Cotton Warns Emerging Drones Threaten Grids, Wastewater Plants, Critical Sites
Power grids and wastewater plants remain exposed because current law lets only a narrow set of agencies stop hostile drones, even as Congress widens authority.

Tom Cotton is pressing a gap in federal law that leaves power grids, wastewater plants and other critical sites exposed to drones that can be bought easily and flown with little warning. The Arkansas senator’s warning lands as Congress weighs a broader counter-drone expansion, but the central question is whether that push would change what operators can actually do when a hostile aircraft appears overhead.

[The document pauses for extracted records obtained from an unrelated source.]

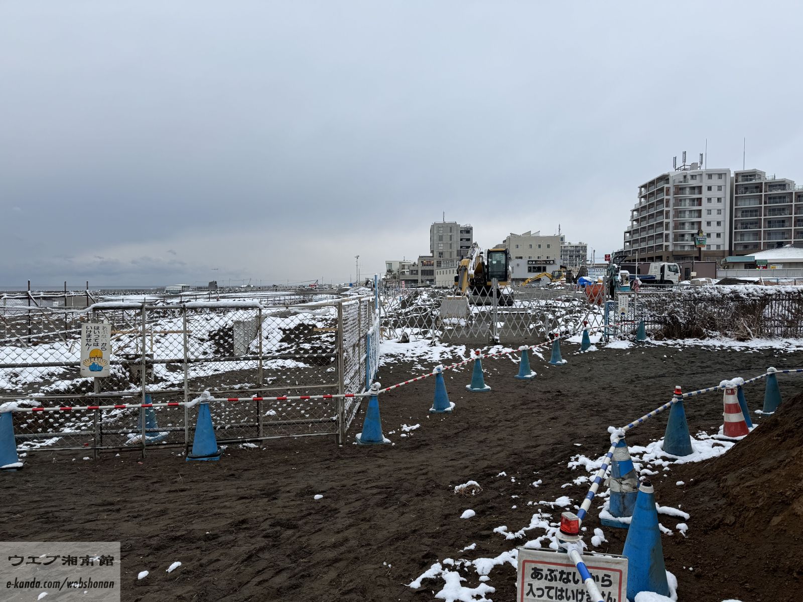 湘南海岸にもこの冬、雪らしい雪が初めて降った翌日。
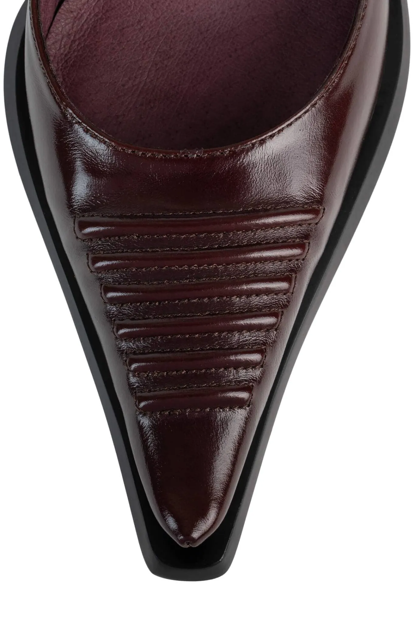 Moto-inspired pump with ankle strap
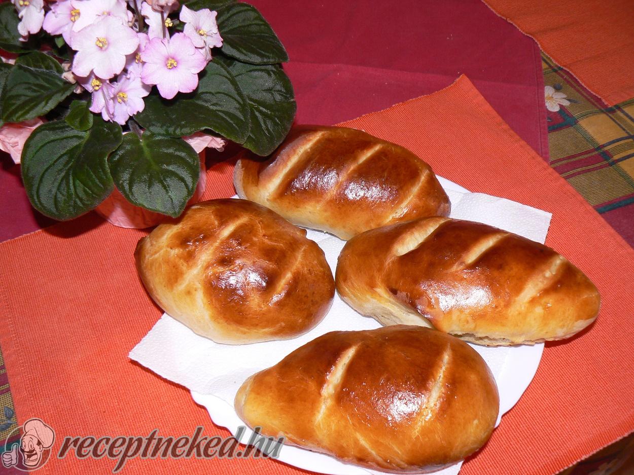 A megkelt tésztát lisztezett deszkán 9 részre osztjuk, egyenként cipókat formázunk belőlük. A kis cipókat sütőpapírral bélelt tepsire tesszük, bevagdossuk, majd felvert tojással lekenjük.

A Congressional Research Service overview on FY2025 NDAA counter-UAS policy says Congress has long worried about drones threatening U.S. military personnel and defense installations. It also says the Department of Defense, the Department of Homeland Security, the Department of Justice and the Department of Energy already have authority to mitigate drone threats at certain covered facilities and assets. That leaves many civilian infrastructure operators outside the perimeter, including the kinds of grid, water and industrial sites Cotton says are now in the crosshairs.
Lawmakers from both parties have argued that the threat has outgrown the current patchwork. In December 2025, Senate Homeland Security Committee Democrats said a bipartisan bill would extend drone authorities through 2031 and, for the first time, allow state and local law enforcement to counter dangerous drones at certain critical events. The measure was framed as important for airports, stadiums and large gatherings, including the 2026 FIFA World Cup and the 2028 Los Angeles Olympics.

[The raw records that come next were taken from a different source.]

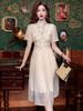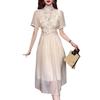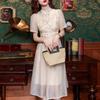 Novo Vestido Cheongsam Chinoiserie Melhorado para Mulheres Verão Estilo Nacional Retrô Fivela-Como Cintura Ajustada Saia de Chiffon
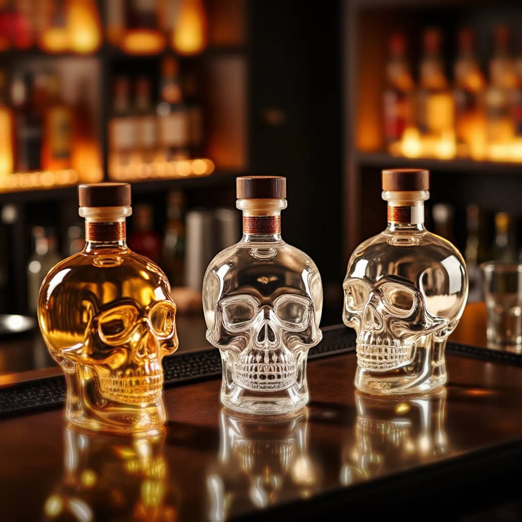 - Hình dạng và họa tiết độc đáo: Các thương hiệu như Crystal Head Vodka, với chai hình đầu lâu mang tính biểu tượng, sử dụng hình khối nổi bật để tạo nên bản sắc hình ảnh mạnh mẽ. Các công ty khác có thể kết hợp các chi tiết tinh tế như chai rượu khắc có logo hoặc họa tiết trang trí.
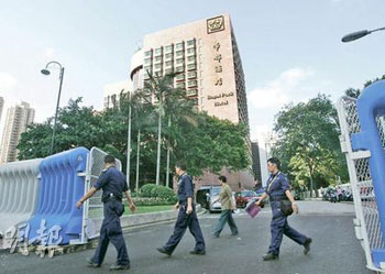酒店門口21日有保安員站崗,酒店外圍圍起鐵馬和鐵絲網(wǎng),酒店附近一段白鶴汀街會在周四開始封閉,行人路和巴士站亦會暫停使用。
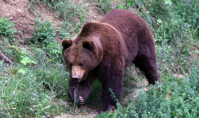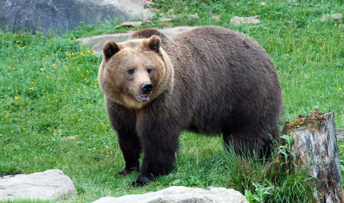 Die erwachsene Bärin geniesst die Ruhe in der Schauanlage und kann von den Besucherinnen und Besuchern beim Baden im Teich und auf der Futtersuche durch die Anlage gut beobachtet werden.

Sen. Gary Peters has said drone technology is becoming more advanced and more readily available, and that law enforcement needs authority to respond to threats near sporting events, large gatherings and critical infrastructure. That concern is not abstract. Between 2022 and 2024, the National Nuclear Security Administration reported six unauthorized drone sightings at the Nevada National Security Site, one suspicious drone overflight at the Pantex Plant and five suspicious drone overflights of Los Alamos National Labs restricted airspace. In May 2025, Peters and Sen. Marsha Blackburn introduced the Nuclear Ecosystem Drone Defense Act to expand Energy Department authority around facilities that store or transport nuclear material and sites used to research, design or manufacture nuclear weapons components.

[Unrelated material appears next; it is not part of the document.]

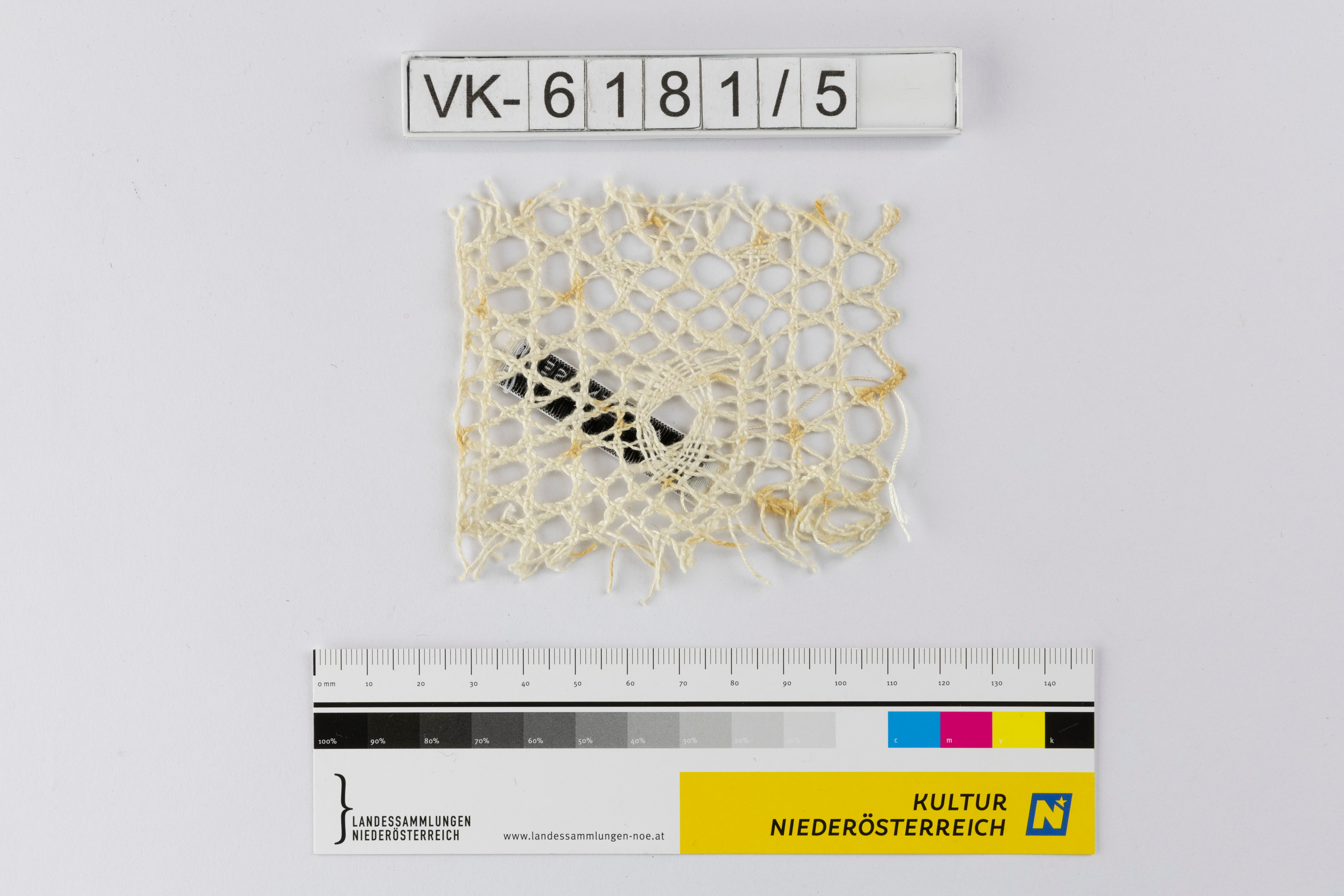 Ein Stück grobmaschige Klöppelspitze mit einem ovalen Musterelement.

The scale of the problem is growing fast. In December 2024, Sen. Jack Reed said the Federal Aviation Administration counted about 792,000 registered drones operating in the United States, split evenly between commercial and recreational use. A CRS product on FY2025 NDAA counter-UAS issues says DOD is developing, acquiring and fielding defensive systems that can locate, identify, track and intercept adversary drones. But for most civilian operators, the legal problem remains the same: authority is still narrow, and the ability to stop a drone before it reaches a vulnerable site still depends on who is allowed to act, where the threat appears and whether the law covers the target at all.